Chopra, 54, born in India and trained at Harvard in endocrinology, may
try to shrug off the leader’s mantle, but his public isn’t letting him.
His holistic blending of psychology, science, health and Hindu-based
spirituality has brought him millions of enthusiasts and dollars,
prompting Time magazine to name him one of the top 100 “icons and
heroes” of the 20th century.

To many, he is simply Deepak. That moniker puts him on a pop-culture
plane with Hillary and Jesse and perhaps even Oprah - who might as well
give him an endowed chair for all the times she’s had him on her show.

It also makes him high-priced, with a speaking fee of about $25,000 and
earnings put at $10 million to $15 million a year.

As a self-styled sage, Chopra has his share of critics. Christian
monitors bristle at his mixing of Eastern and Western beliefs. Medical
watchdogs scowl at his embrace of Eastern ayurvedic medicine, which
teaches that illnesses are largely self-generated. Other commentators
deride him as the stereotype of the honey-voiced New Age seer who
peddles therapeutic theology (with boxed tapes) to a restless generation
in search of contentment.

Chopra has weathered it all. How has he not only survived but thrived
for nearly 20 years? The answer lies in his audience as much as him.

He feeds the proclivity, deeply rooted in the American psyche, for faith
centered on the transcendental self. Social critics have long noted a
widespread public belief, stemming from Protestantism and a sense of
American destiny, that the individual American is as old as God and
loved personally by God.

Harold Bloom, in his 1992 book The American Religion, said these
Americans are modern Gnostics, the pre-Christian believers who extolled
individual divinity. According to this world view, salvation “cannot
come through the community or the congregation, but is a one-on-one act
of confrontation.”

While this does not apply to all Americans, it resonates with Chopra’s
public, who tend to be religious free agents or seekers lightly tethered
to the religion of their birth, like kites on a string.

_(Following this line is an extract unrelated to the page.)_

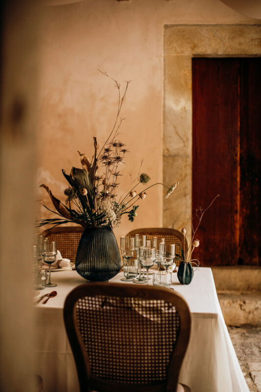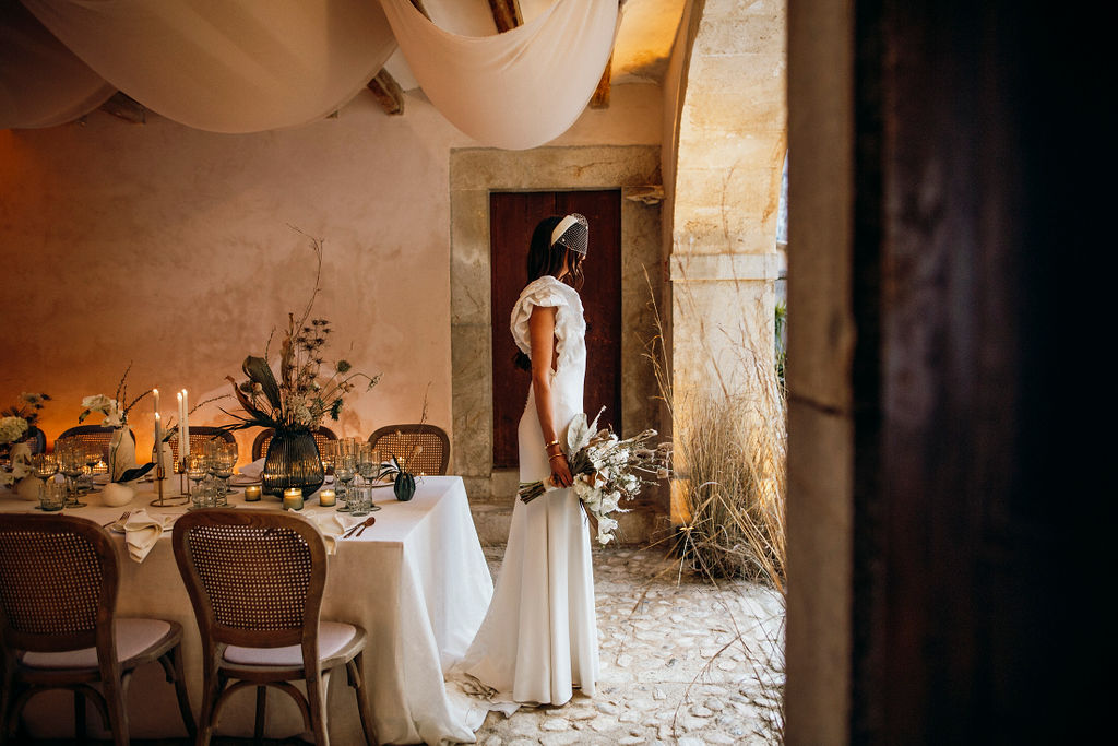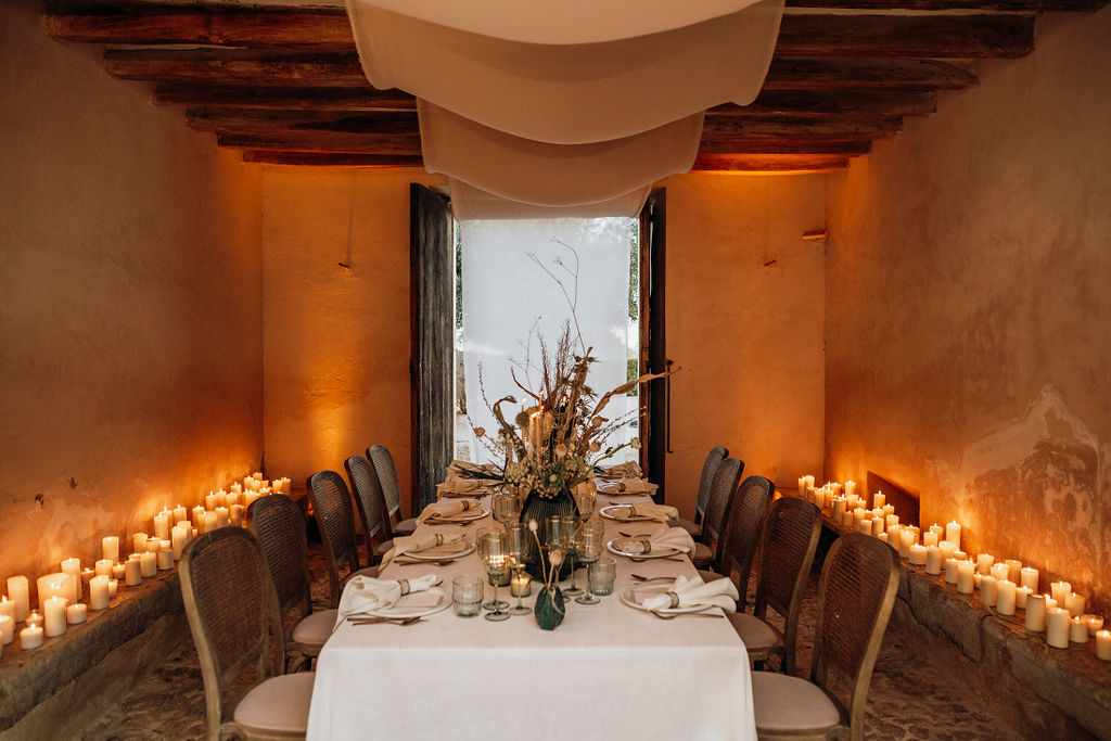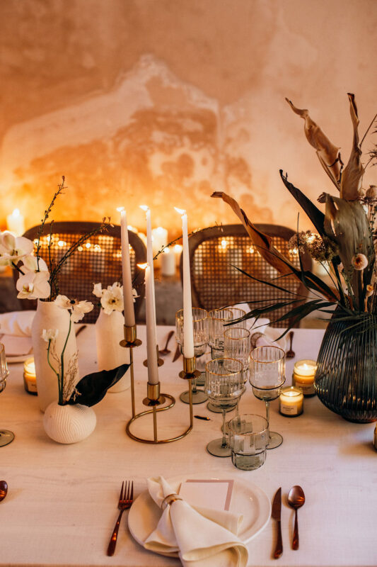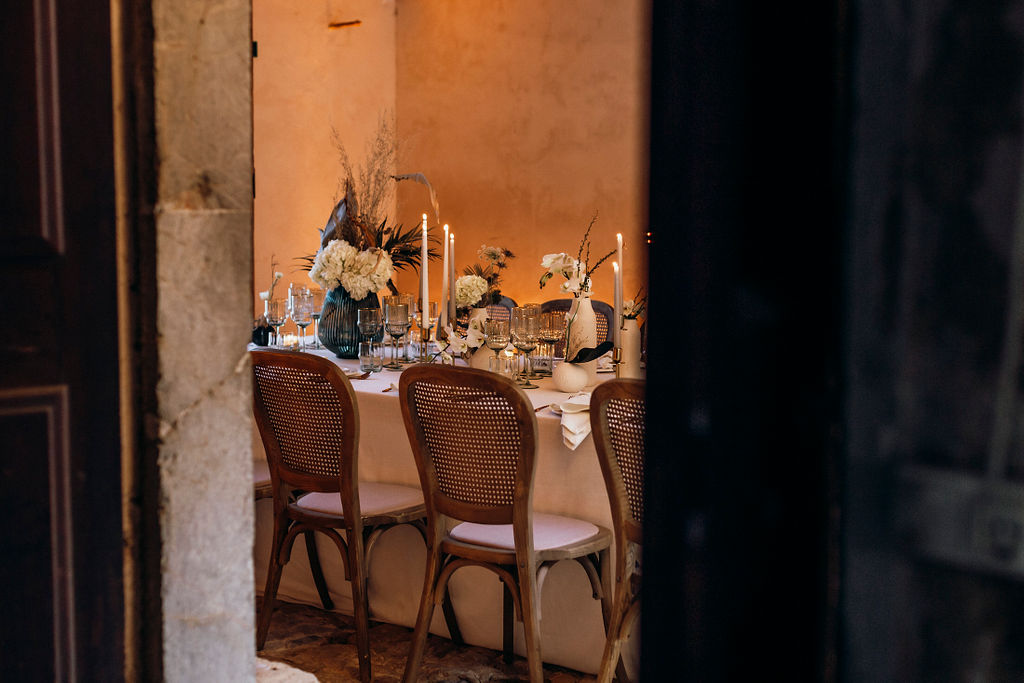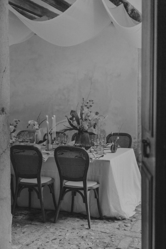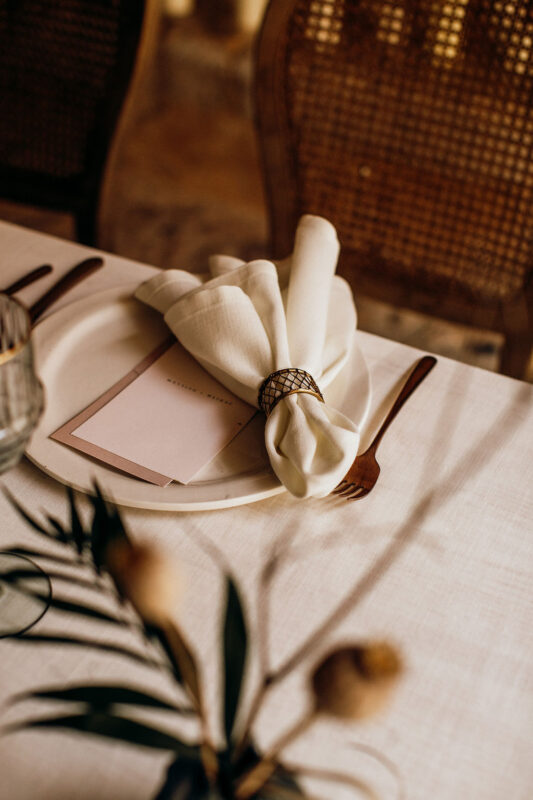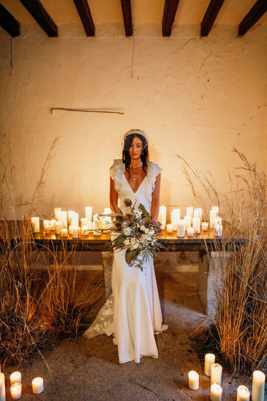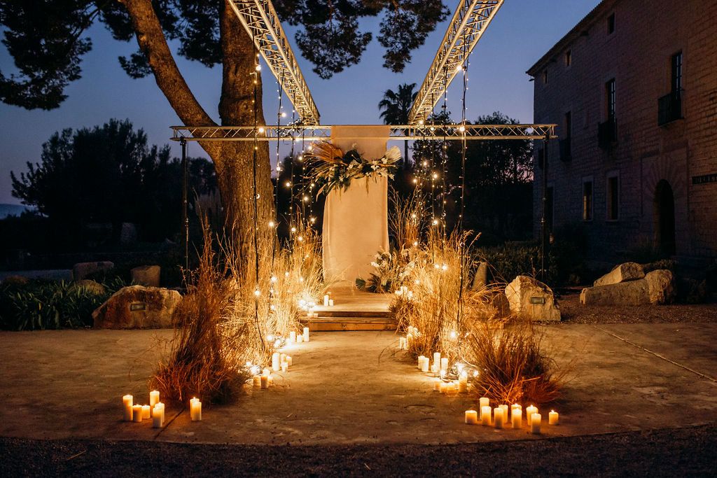 For this occasion we chose a palette of neutral tones between off-white and sand tones that we contrasted with shades of intense green and golden touches to add sophistication. The stone walls in Finca Morneta, the beauty and authenticity of the oldest corners of this property gave us the perfect setting. The contrasting note was to use elements of clean lines both in Jaiak’s tableware, as in the decorative elements or the wedding dress. Everything combined to perfection creating the perfect style. As in all our weddings, light plays an important role, so we created a play of indirect lights, candles and natural light itself filtered by subtle gauze.

Much of How to Know God, in fact, reads like a Gnostic gospel. Chopra
states, “In general, to be spiritual in these times means going it
alone, far more than in the past. In a society with misguided
perceptions of God and no tradition of masters, you are responsible for
setting your own intentions.”

He elevates private encounters even above ethical behavior: “A spiritual
person is a good listener for silent voices, a sharp observer of
invisible objects. These traits are more important than trying to act in
a way that God would reward with a gold star.”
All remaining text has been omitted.